In the 1920s, with the arrival of many western artists, Bali became an artist enclave (as Tahiti was for Paul Gauguin) for avant-garde artists such as Walter Spies (German), Rudolf Bonnet (Dutch), Adrien-Jean Le Mayeur (Belgian), Arie Smit (Dutch), and Donald Friend (Australian) in more recent years. Most of these western artists had very little influence on the Balinese until the post-World War Two period, although some accounts over-emphasise the western presence at the expense of recognising Balinese creativity.
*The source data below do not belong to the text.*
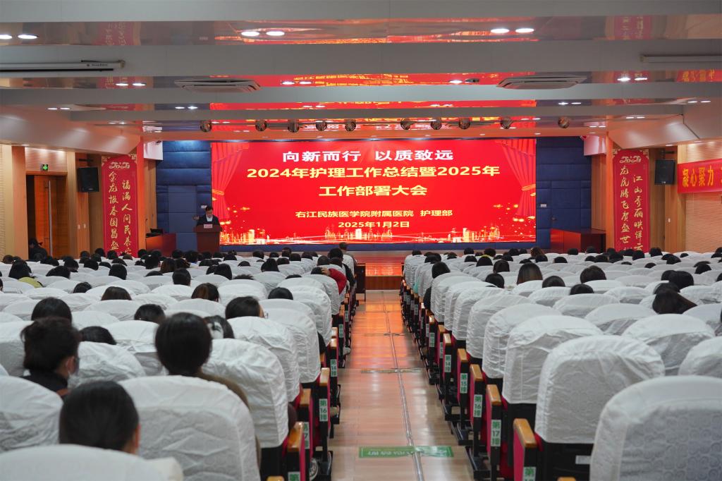1月2日晚,右医附院在总院区学术报告厅召开2024年护理工作年终总结暨2025年工作部署大会,旨在全面总结过去一年的护理成效,谋划新一年的工作计划,激励全体护理人员继续发扬敬业奉献精神,提升护理服务质量。右医附院院长韦忠恒、副院长邓益斌、黄华东、总会计师覃灵艳及行政职能部门负责人、各临床科室主任、护长及护士代表等参加会议。右医附院副院长潘征主持大会。
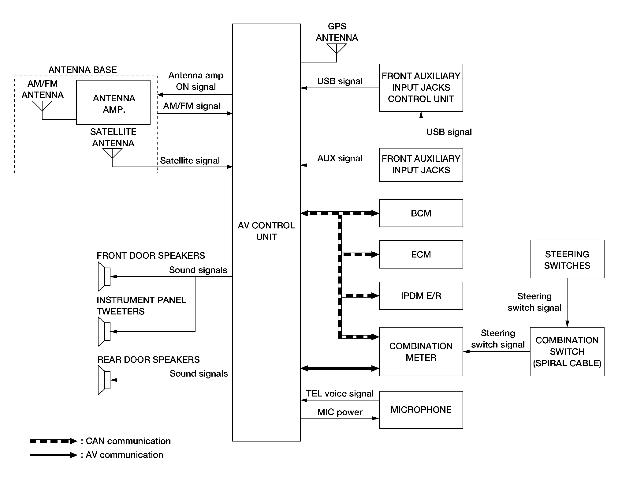 AM/FM signals received by the AM/FM antenna are amplified by the antenna amp. and sent to the AV control unit. The AV control unit then sends audio signals to the speakers.
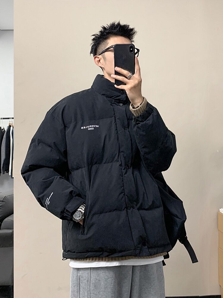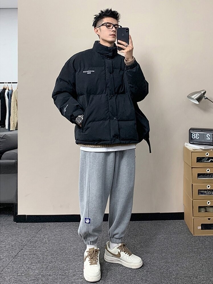 短款棉服不但具有良好的百搭性,还能在视觉上塑造出高挑有型的身材,搭配经典的立领设计,修饰颈部线条,十分显瘦。胸前撞色字母色剂装饰,丰富层次感,带来独特个性,彰显出品牌设计的匠心之处。面包服的版型设计,包容性强,尽显随性洒脱感,帅气潮味十足。

This groundbreaking period of creativity reached a peak in the late 1930s. A stream of famous visitors, including Charlie Chaplin and the anthropologists Gregory Bateson and Margaret Mead, encouraged the talented locals to create highly original works. During their stay in Bali in the mid-1930s, Bateson and Mead collected over 2000 paintings, predominantly from the village of Batuan, but also from the coastal village of Sanur.
Among western artists, Spies and Bonnet are often credited for the modernization of traditional Balinese paintings. From the 1950s onwards, Baliese artists incorporated aspects of perspective and anatomy from these artists.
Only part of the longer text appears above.